Let's say we're building a game, in which enemies have a certain health, as well as a flag to determine whether they're in play or not. We might model that using two properties on an Enemy class, like this:

class Enemy {
    var health = 10
    var isInPlay = false
}

While the above looks straight forward, it can easily put us in a situation where we have multiple sources of truth. Let's say that as soon as an enemy's health reaches zero, it should be put out of play. So somewhere in our code, we have some logic to handle that:

func enemyDidTakeDamage() {
    if enemy.health <= 0 {
        enemy.isInPlay = false
    }
}

The problem occurs when we introduce new code paths where we forget to perform the above check. For example, we might give our player a special attack that sets all enemies' health to zero instantly:

func performSpecialAttack() {
    for enemy in allEnemies {
        enemy.health = 0
    }
}

As you can see above, we update the health property of all enemies, but we forget to update isInPlay. This will most likely lead to bugs and situations where we end up in an undefined state.

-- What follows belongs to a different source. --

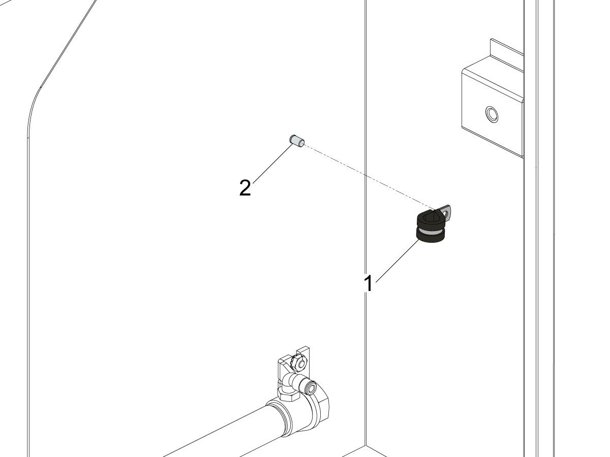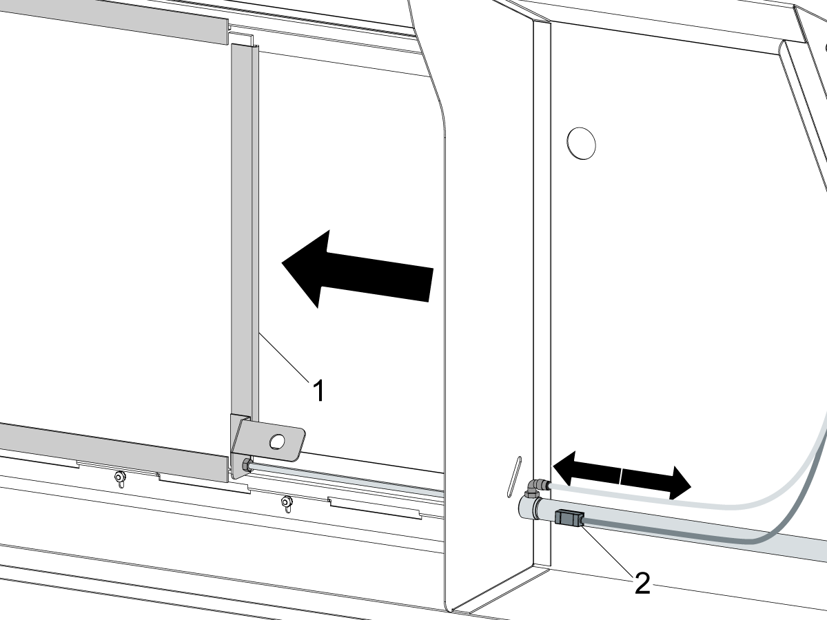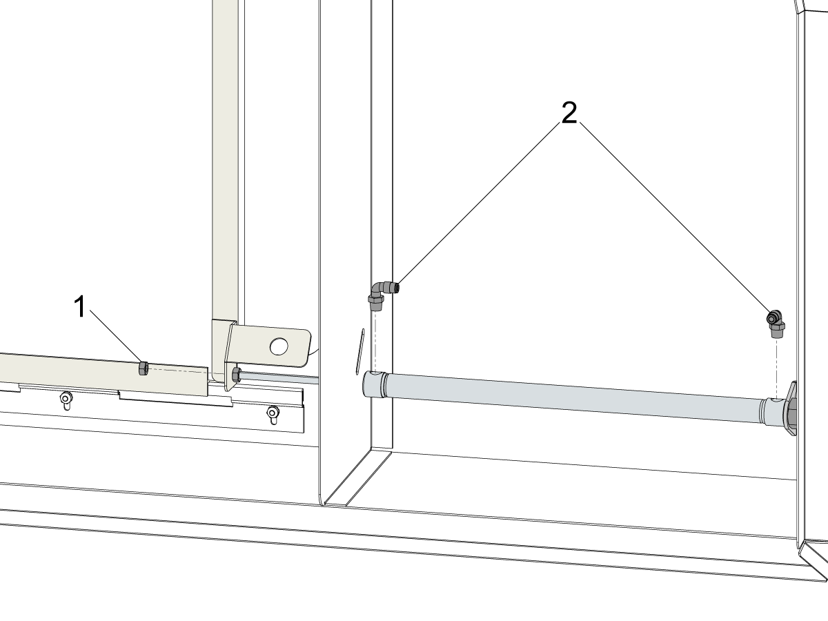 Install the provided hose clamp [1] to the door [2] and run the air line and the sensor cable through it.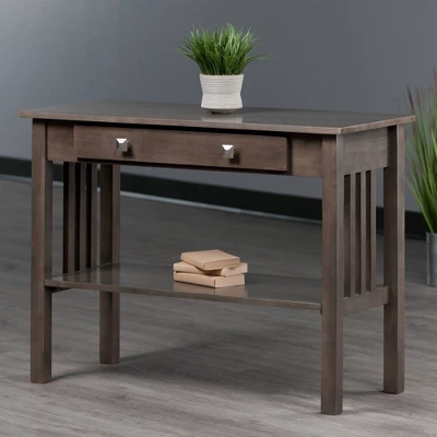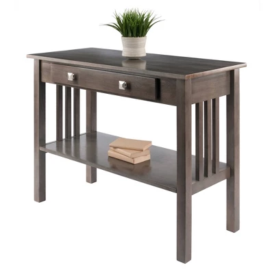 With clean line and contemporary oyster gray finish, the Winsome Wood Stafford Console Table makes a great complement to any decor. As an entryway table, it will welcome you home as a place to keep your keys and briefcase. Or use it in the dining room or living room to show off a lamp, favorite plant, or photos. The console’s open shelf and unit-wide drawer offer a wealth of storage options. The mission-style slatted side panels combined with the console’s straightforward, contemporary design allow for a seamless blend with any decor. Two beveled silver-finish drawer pulls provide the perfect accent. Coordinate this console table with other furnishings from the Winsome Stafford collection for a cohesive look throughout your home (each sold separately). Solid and composite wood construction for long-lasting integrity. Conveniently packed and shipped in 1 box, that includes the hardware necessary for assembling. Replacement part request can be submitted directly to the manufacturer within 60 days from date of purchase.

In a situation like this, it might be tempting to fix the problem by adding multiple checks, like this:

if enemy.isInPlay && enemy.health > 0 {
    // Enemy is *really* in play
} else {
    // Enemy is *really* defeated
}

While the above might work as a temporary "band aid" solution, it will quickly lead to harder to read code that will easily break as we add more conditions and more complex states. If you think about it, doing something like the above is kind of like not trusting our own APIs, since we have to code so defensively against them 😕

One way of solving this problem, and to make sure that we have a single source of truth, is to automatically update the isInPlay property inside the Enemy class, using a didSet on the health property:

class Enemy {
    var health = 10 {
        didSet { putOutOfPlayIfNeeded() }
    }

    // Important to only allow mutations of this property from within this class
    private(set) var isInPlay = true

    private func putOutOfPlayIfNeeded() {
        guard health <= 0 else {
            return
        }

        isInPlay = false
        remove()
    }
}

This way we now only have to worry about updating an enemy's health, and we're sure that the isInPlay property will always stay synced 👍

Making states exclusive

The above Enemy example was pretty simple, so let's take a look at another one where we deal with more complex states that each have associated values that we need to render & react to accordingly.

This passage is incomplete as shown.